Woebot is experiencing increased usage during the pandemic, “huge increases,” Darcy said, and it has tracked more need for support among younger users, which the recent research shows to be at elevated levels of risk. At the time of its August deal, Ginger noted “skyrocketing demand” for anxiety and depression care among U.S. workers.

More employees are willing to ask for help because there is a greater shared sense of going through a difficult experience as a community, Oracle’s He said, and tech-based support for mental health is a logical extension of how people already interact with machines — fitness apps support better physical health and have edged into other areas of wellness like sleep patterns.

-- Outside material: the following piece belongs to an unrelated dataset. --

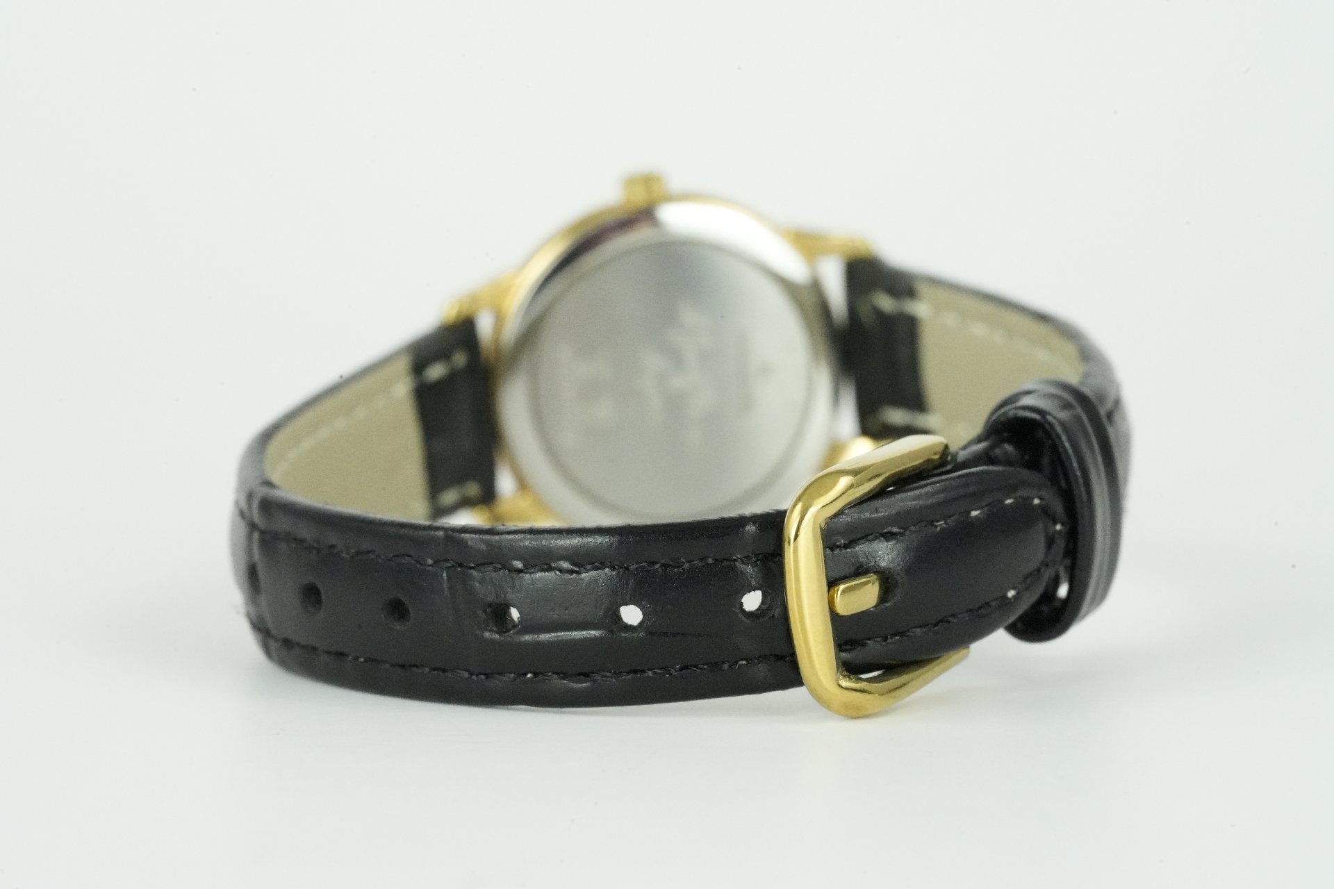 Découvrez l’élégance intemporelle avec cette montre Longines Les Grandes Classiques, référence commerciale L4.177.2 ( TOT-01676 ), un modèle raffiné conçu pour la femme. Son boîtier plaqué or de 24 mm de diamètre et de seulement 5.4 mm d’épaisseur abrite un mouvement Quartz précis. Le cadran est complété par un bracelet en cuir noir non original et une boucle ardillon non originale. Étanche jusqu’à 3 ATM, cette pièce est en bon état. Elle est livrée seule et bénéficie d’une garantie de 12 mois.

But UPMC’s Serio said that once an initial assessment has been done, there is no AI replacement for the “nuance and cues, and all those things human beings do. … What people need is empathy. Anyone who says that will be fully automated one day, I don’t know what reality they are grounded in.”

Duane thinks people should not understate the value of how far the technology already has come — not needing to make an appointment or deal with a doctor as a first step, eliminating feelings of shame or discomfort. It is a stigma workaround, a Band-aid on the larger problem of getting more individuals to seek help, but he said it also speaks to the fact that chatbots already are part of the solution.

“To everyone feeling the weight of 2020, it’s a reasonable response to what’s going on and the massive increase in demand. Access and timeliness are really important when we look at the quantity of people who need mental health care. …. Can AI and chatbots be helpful? Absolutely and partially.”